→ **What you have to do**
Look through the entries below and copy exactly the part that begins with the line containing "Objevte GARDENA akumulátorový" and ends with the line containing "从《Builda》在APP Store的". Do not copy the pictures.
● ● ● ● ●
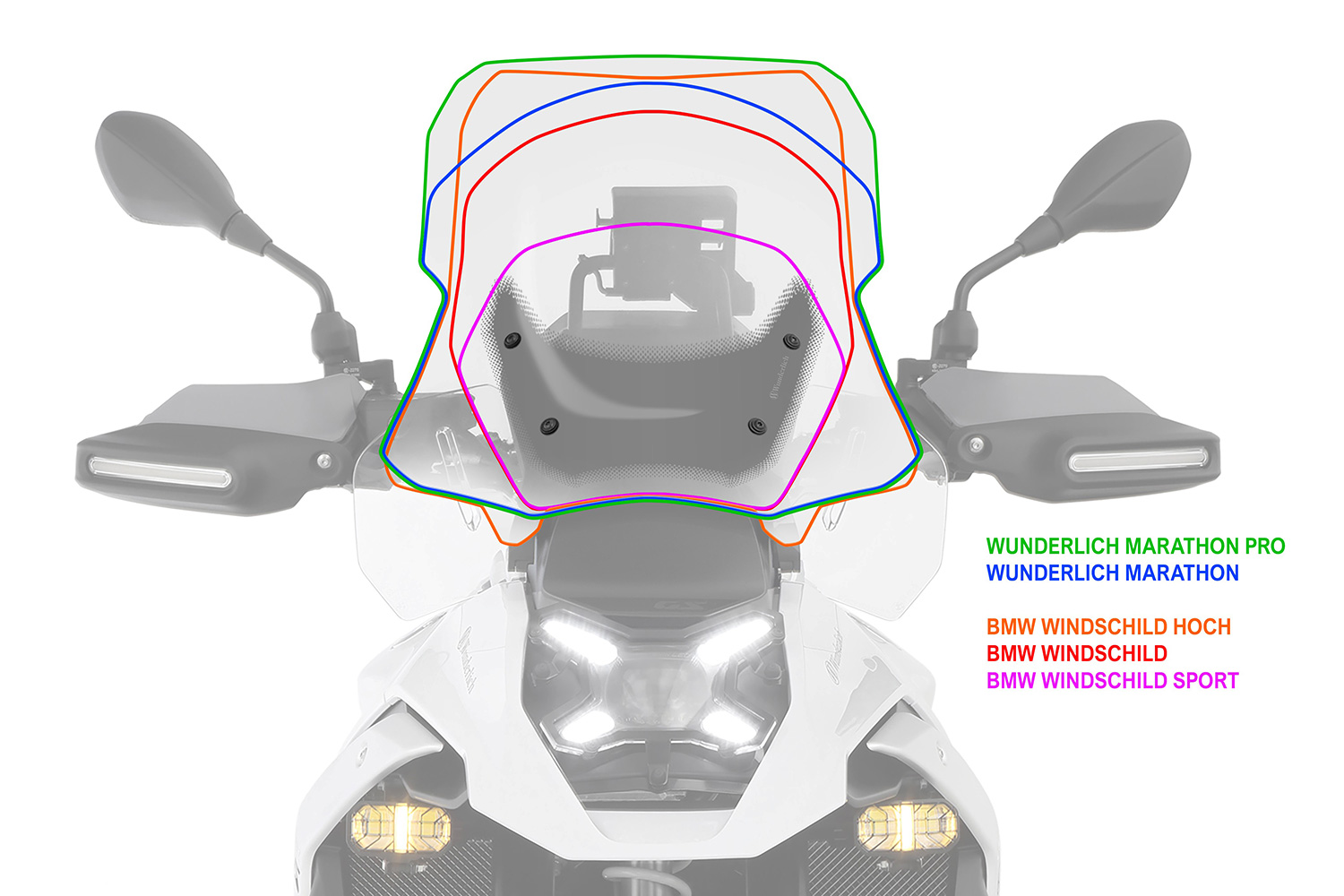 Osvědčené produktové vlastnosti štítů MARATHON s jejich účinnou ochranou proti větru a povětrnostním vlivům, jejich ergonomií a výrazným komfortem na dlouhé vzdálenosti zajišťují pohodovou jízdu na vašem BMW R 1300 GS a zároveň vyšší pasivní bezpečnost. Díky svým rozměrům nabízí optimální úlevu od tlaku větru na hlavu, horní část těla a ramena se znatelně sníženými turbulencemi. To znamená, že štít MARATHON projevuje svůj plný potenciál i na velkém GS, na dlouhé i krátké tratě a v každém ročním období. Nabízí maximální ochranu a perfektní ergonomii pro každou velikost těla.
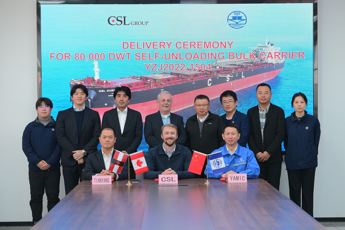 12月18日,船东代表Andrew Lennox先生、我集团副总经理兼扬子三井总经理宋书明先生及扬子三井CFO石丸雄次先生共同签署“CSL KANATA”轮交船文件。祝愿新船航行平安、满载顺达、一帆风顺!
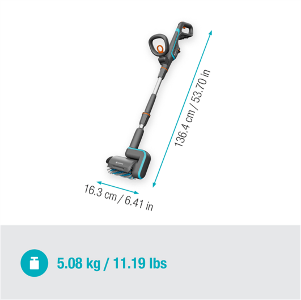 Objevte GARDENA akumulátorový víceúčelový čistič AquaBrush Universal Solo – dokonalé řešení pro venkovní čištění.
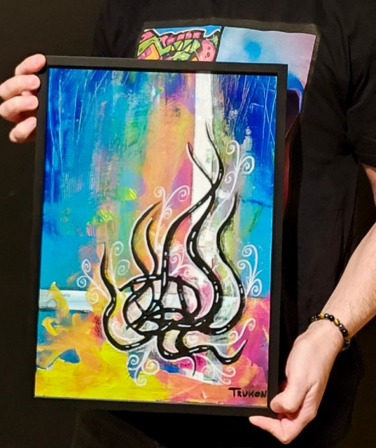 Originalt maleri i forbindelse med kunst samarbeid TRUKON: A3 maleri på papir, laget av Håkon
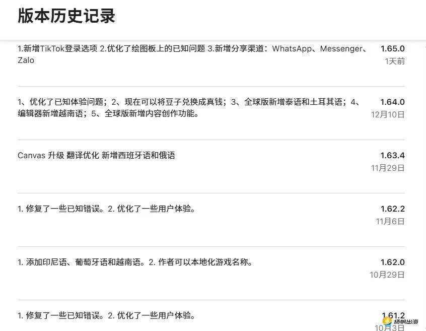 从《Builda》在APP Store的版本更新来看,近两个月来,其明显加快了产品的全球化速度。在10月29日的更新中,新增了印尼语、葡萄牙语和越南语,为在越南市场的增长打下基础;11月29日,其优化翻译,并新增西班牙语和俄语。
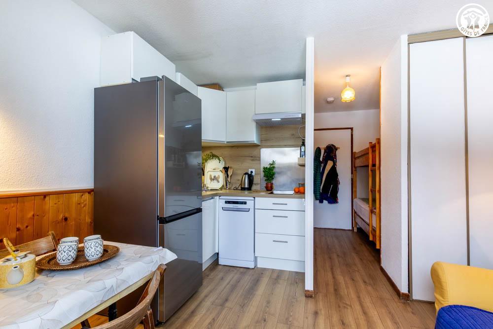 Studio au 1er étage d'une petite résidence de 4 étages "Le Bochate": séjour-coin cuisine avec 1 canapé-lit 140x190 cm, 1 coin montagne avec 2 lits 1 personne superposé 90x190 cm, salle de bain (baignoire) avec WC. Balcon. Stationnement public devant la résidence. Studio bénéficiant d'une situation privilégiée à 500m des pistes de ski de la station familiale des Bottières, petite station calme et agréable. Décoration simple et chaleureuse. Environnement immédiat de qualité, proche des sentiers de randonnée et de VTT en été. Nombreuses activités et services à la Toussuire à 8 km : parapente, pistes de VTT, cinéma, commerces...
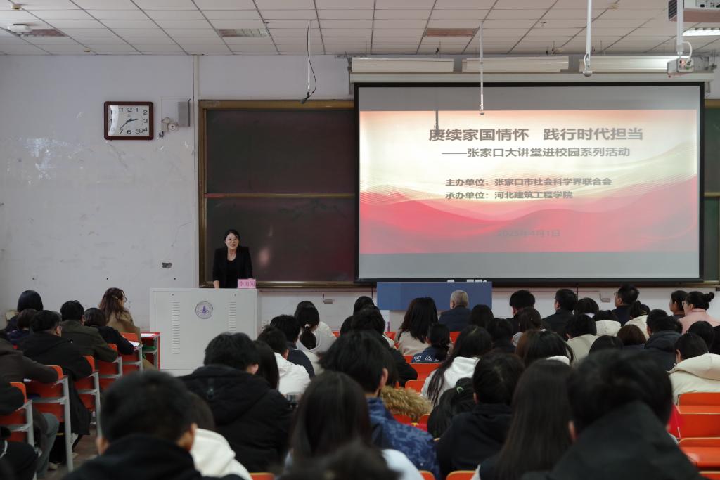 4月1日,由張家口市社科聯(lián)主辦、我校馬克思主義學(xué)院承辦的“賡續(xù)家國情懷 踐行時(shí)代擔(dān)當(dāng)”張家口大講堂進(jìn)校園系列活動(dòng)在我校舉行。校黨委副書記尹萬玉、市社科聯(lián)一級(jí)調(diào)研員王若彬及馬克思主義學(xué)院院長張文海出席活動(dòng),我校馬克思主義學(xué)院全體思政課教師、青年馬克思主義學(xué)院學(xué)員及第二課堂選課的共計(jì)300余名師生代表聆聽了講座。
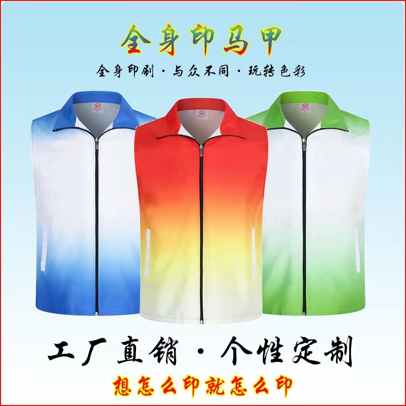 渐变全身印广告衫马甲logo厂家直销工作服志愿者义工团体活动定制
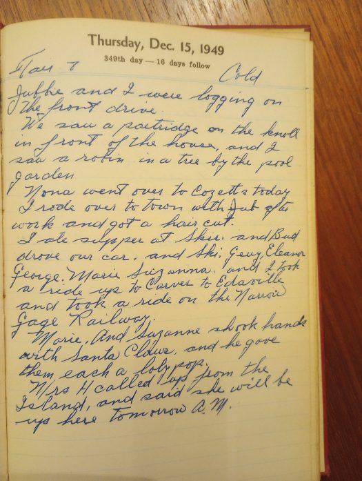 I ate supper at Ski’s, and Bud drove our car and Ski, Gary, Eleanor, George, Marie, Suzanne, and I took a ride up to Carver to Edaville and took a ride on the narrow gauge railway.
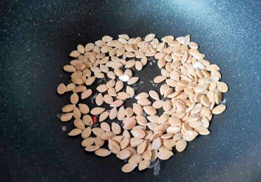 4、锅烧热,把晒好的南瓜子倒入,转小火,反复翻炒。
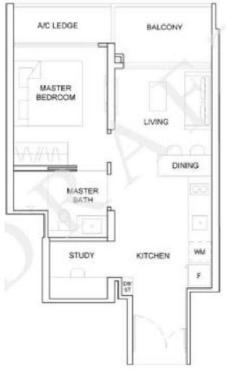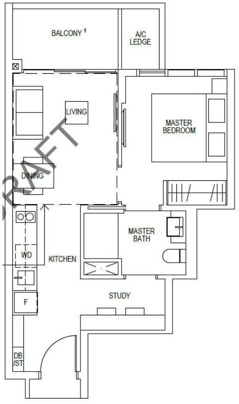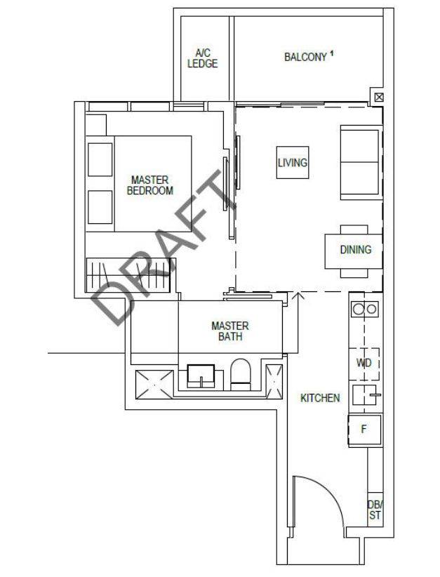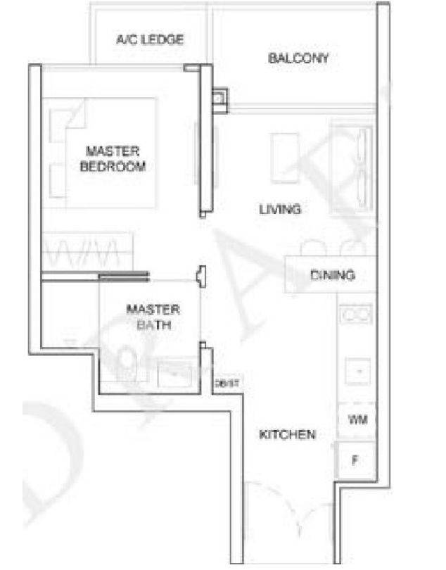 1房户型,43平方米/ 463平方英尺,适合单身人士和年轻的情侣住
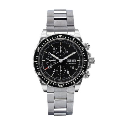 Relógio Marathon Jumbo Pilot/Diver's Automatic Chronograph (CSAR) de 46 mm em aço inoxidável. O relógio Jumbo Pilot/Diver's Automatic Chronograph (CSAR) de 46 mm é comumente conhecido como cronógrafo de Busca e Resgate (CSAR) e é o mais procurado na categoria SAR. Considerado o "Santo Graal" dos nossos relógios, é a escolha ideal para quem exige o melhor em qualidade e desempenho. Com um movimento cronógrafo automático de 25 rubis com precisão de 1/5 de segundo, a função de cronômetro utiliza cronometragem decimal com precisão de 1/100 de minuto para uso em registros de voo e monitoramento de consumo de combustível. O relógio pode rastrear o tempo decorrido por até 12 horas, tornando-o uma escolha ideal para pilotos e mergulhadores. O movimento é alimentado por um ETA Valjoux 7750 com amortecedor Incabloc®, garantindo uma medição do tempo confiável e precisa em todas as situações. O relógio também possui um calendário com dia e data. Para facilitar a leitura em condições de baixa luminosidade, o CSAR possui tubos de trítio e gás MaraGlo®. Funções luminosas. O cristal é feito de safira, o que o torna resistente a riscos e durável, enquanto a coroa rosqueada garante resistência à água até 30 ATM. A caixa e a pulseira são feitas de aço inoxidável 316L com acabamento escovado, oferecendo um visual elegante e moderno. O bisel unidirecional possui escala de 60 minutos e o relógio é resistente à água até 30 ATM, sendo ideal para mergulho e outras atividades aquáticas. O relógio tem um diâmetro de caixa de 46 mm, uma espessura de caixa de 18 mm e uma largura entre as asas de 22 mm. Movimento: ETA Valjoux 7750 com Incabloc; Amortecedor de choqueNúmero de joias: 25Quantidade de escala: 2Faixa de escala: 1-12 (13-24)Tipo de calendário: Dia e dataFunções luminosas: Tubos de gás trítio e MaraGloMaterial do cristal: SafiraTipo de coroa: RosqueadaMaterial da caixa: Aço inoxidável 316LAcabamento da caixa: EscovadoTipo de bisel: UnidirecionalEscala do bisel: 60 minutosResistência à água: 30 ATMDiâmetro da caixa: 46 mmEspessura da caixa: 18 mmLargura da protuberância: 22 mmMarathon WatchesCategorias - Feminino / RelógiosMaterial - Aço inoxidável
● ● ● ● ●
→ **Your solution**
 Objevte GARDENA akumulátorový víceúčelový čistič AquaBrush Universal Solo – dokonalé řešení pro venkovní čištění.
 Originalt maleri i forbindelse med kunst samarbeid TRUKON: A3 maleri på papir, laget av Håkon
 从《Builda》在APP Store的版本更新来看,近两个月来,其明显加快了产品的全球化速度。在10月29日的更新中,新增了印尼语、葡萄牙语和越南语,为在越南市场的增长打下基础;11月29日,其优化翻译,并新增西班牙语和俄语。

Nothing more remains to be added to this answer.